The art of processing tissue for examination, either manually or using an automated process, involves a plethora of risks, all of which must be managed to ensure both safety and positive outcomes.
Today's modern tissue processors are remarkably reliable and trouble free. The most dangerous problem with stationary chamber processors is leaks caused by deteriorating tubing. Although the tubing used in these devices is resistant to the chemicals, it is not completely impervious and will eventually break down and leak. Mechanically and electronically, stationary chamber processors are quite reliable since pinch-valves are often used throughout the device.
Of the moving-basket processors, those employing the notched circular disk for programming are quite reliable and easy to repair when they do fail. Probably the most important aspect of troubleshooting these is for the biomedical equipment technician to be mindful of the correct sequence of events as it relates to how the device actually operates. The sequence of events is the most revealing aspect of determining both the malfunction (not just the symptoms) and the root cause of the malfunction.

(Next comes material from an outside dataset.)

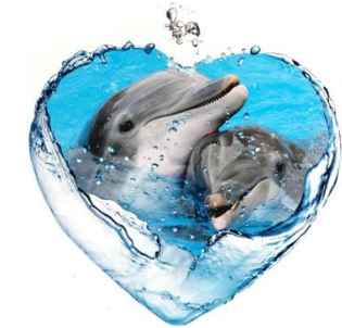
forme de cœur pour illustrer les relations entre la mère et son petit

➔ Le travail sur les constantes des documentaires pourra être réinvesti dans des activités de tri de textes, l'objectif principal étant d'amener les élèves à différencier textes narratifs et textes informatifs.

The reliability of microprocessor-controlled moving basket processors is on a par with the notched circular disk programmed units, but remediation of failures is totally different. Problems with the former tend to be more software related (corrupted software) and less component-related; problems in the later-designed units are electro-mechanical (damaged or malfunctioning microswitches, mechanical failure of the motors, etc.) in nature.
Training and Equipment
Generally, a medical electronic background coupled with a good mechanical aptitude is necessary to service tissue processors since they are true electromechanical devices. For some models, knowledge of computer repair would be a plus since the heart of many high-end processors is a central processing unit (CPU) perceiving things such as positioning motors, heaters, and air pumps (for agitation) as peripheral devices. Well-equipped biomedical maintenance facilities should already have all test equipment and service aids required to maintain tissue processors.
Many tissue processors feature some form of microprocessor control. This trend is expected to increase since there are a number of present and future advantages to microprocessor control of the processing cycle. Additionally, improvements in fractional horsepower-motor technology will provide motors that produce the same or more torque at lower currents. This, coupled with microprocessor technology, will allow future units to operate during a power outage, not just “remember” in what processing stage they were in when the power was lost. As new and safer processing chemicals are available, cycle parameters of future microprocessor-based tissue processors will be adaptable to these new chemistries. Lastly, future tissue processors will fully document, archive, and recall all parameters of past processing cycles as required for litigation purposes.